------ DATASET CONTENT ------
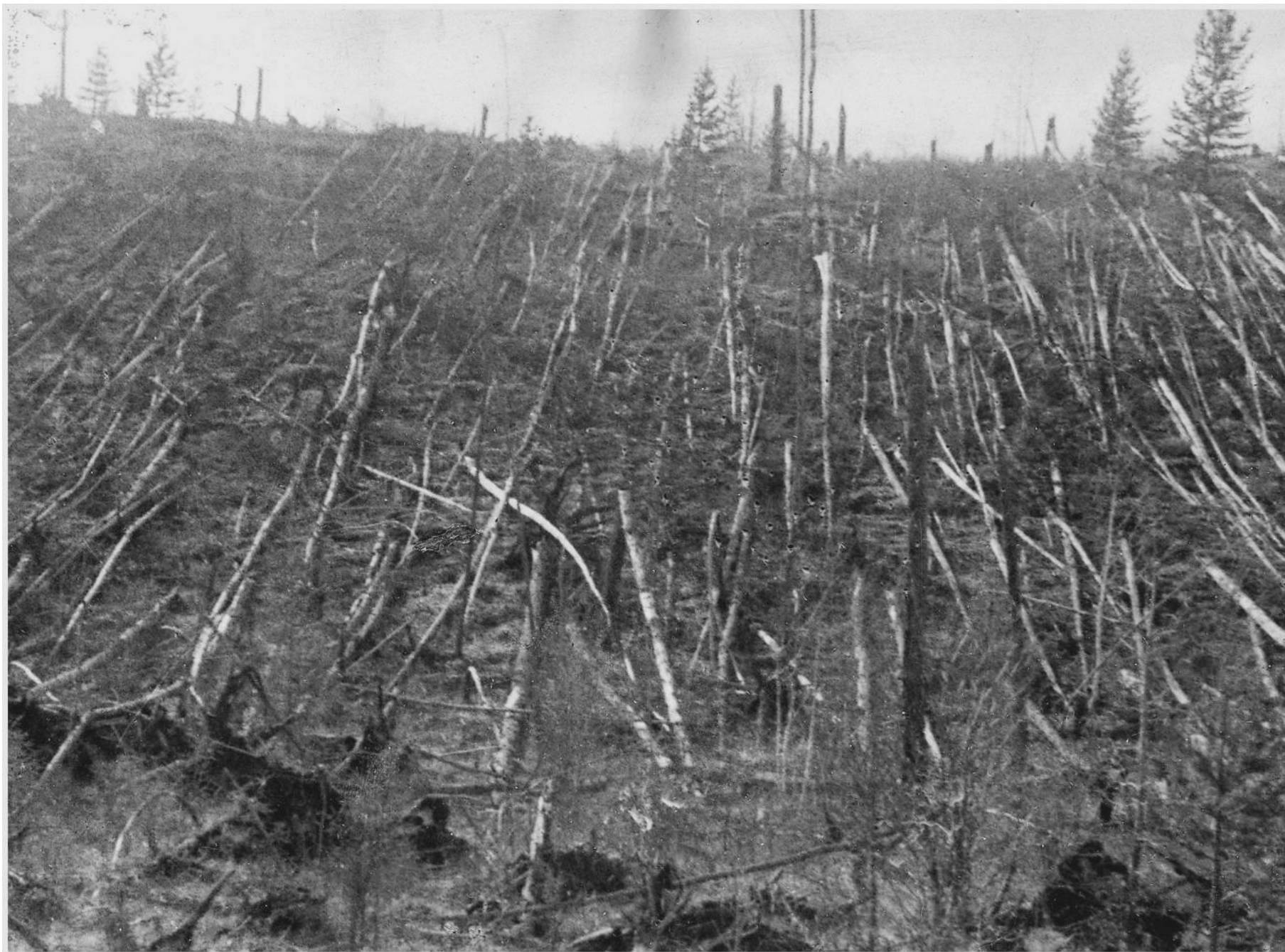
La Plaine après l'explosion
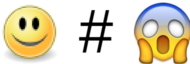
Figura 7 - Emoticon, Cerquilha e Emoji.
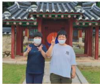
야외활동 - 반구정
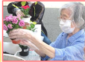
天気がいいと ちょっと「みはらしの丘」へ
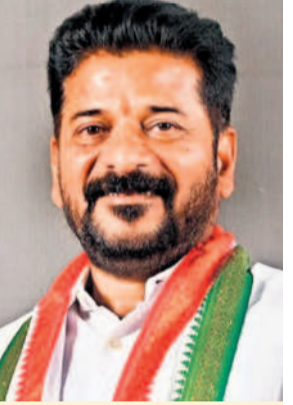
పాఠాలు చెప్పే మాకు మీర్చి గౌరవం ఇదేనా?

ముఖ్యమంత్రి రేవంత్ రెడ్డి తీరుపై ప్రైవేట్ టీవర్లు భగ్గుమన్నారు. 'ఇంటర్ పాసైన వాళ్లు.. డిగ్రీ ఫెయిల్ అయిన వాళ్లు ప్రైవేట్ స్కూళ్లలో బోధిస్తున్నారు గీతీ అంటే ఒక సరిలో అనుచిత వ్యాఖ్యలు చేయడంపై ఆగ్రహం వ్యక్తం చేస్తున్నారు. విద్యార్థులకు పాఠాలు బోధించే టీవర్లకు మీర్చి గౌరవం ఇదేనా? ఇదేనా మీ సంస్కారం అంటూ ప్రశ్నిస్తున్నారు. ఎంతోమంది డిగ్రీలు, పీజీలు చేసి ప్రభుత్వ ఉద్యోగం దొరకక ఇంటిచాలని వేతనాలతో పనిచేస్తుంటే గౌరవం వేతనం పెంచాలి అంటూ పాఠశాలలలో చేలా మాట్లాడడమేంటి మందిపడుతున్నారు. ఈ సందర్భంగా ఉమ్మడి జిల్లాలో పలుచోట్ల సీఎం వ్యాఖ్యలను వ్యతిరేకించగా ములుగు జిల్లా మంగళం కమలాపురంలోని ఆర్ఎంసీ పాఠశాలలో శనివారం నల్లబ్యాండ్లు ధరించి నిరసన తెలిపారు. తమ మనోభావాలను దెబ్బ తీసేలా మాట్లాడిన ముఖ్యమంత్రి రేవంత్ రెడ్డి వెంటనే క్షమాపణ చెప్పాలని నిరూపించాలి.
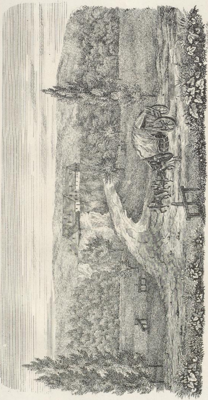
THE POLDEN THORPE.
------
**TASK TO COMPLETE:** Whenever a line holds a picture, print that line without the picture. All other data must be output exactly.

**TASK ANSWER:**
La Plaine après l'explosion
Figura 7 - Emoticon, Cerquilha e Emoji.
야외활동 - 반구정
天気がいいと ちょっと「みはらしの丘」へ
పాఠాలు చెప్పే మాకు మీర్చి గౌరవం ఇదేనా?

ముఖ్యమంత్రి రేవంత్ రెడ్డి తీరుపై ప్రైవేట్ టీవర్లు భగ్గుమన్నారు. 'ఇంటర్ పాసైన వాళ్లు.. డిగ్రీ ఫెయిల్ అయిన వాళ్లు ప్రైవేట్ స్కూళ్లలో బోధిస్తున్నారు గీతీ అంటే ఒక సరిలో అనుచిత వ్యాఖ్యలు చేయడంపై ఆగ్రహం వ్యక్తం చేస్తున్నారు. విద్యార్థులకు పాఠాలు బోధించే టీవర్లకు మీర్చి గౌరవం ఇదేనా? ఇదేనా మీ సంస్కారం అంటూ ప్రశ్నిస్తున్నారు. ఎంతోమంది డిగ్రీలు, పీజీలు చేసి ప్రభుత్వ ఉద్యోగం దొరకక ఇంటిచాలని వేతనాలతో పనిచేస్తుంటే గౌరవం వేతనం పెంచాలి అంటూ పాఠశాలలలో చేలా మాట్లాడడమేంటి మందిపడుతున్నారు. ఈ సందర్భంగా ఉమ్మడి జిల్లాలో పలుచోట్ల సీఎం వ్యాఖ్యలను వ్యతిరేకించగా ములుగు జిల్లా మంగళం కమలాపురంలోని ఆర్ఎంసీ పాఠశాలలో శనివారం నల్లబ్యాండ్లు ధరించి నిరసన తెలిపారు. తమ మనోభావాలను దెబ్బ తీసేలా మాట్లాడిన ముఖ్యమంత్రి రేవంత్ రెడ్డి వెంటనే క్షమాపణ చెప్పాలని నిరూపించాలి.
THE POLDEN THORPE.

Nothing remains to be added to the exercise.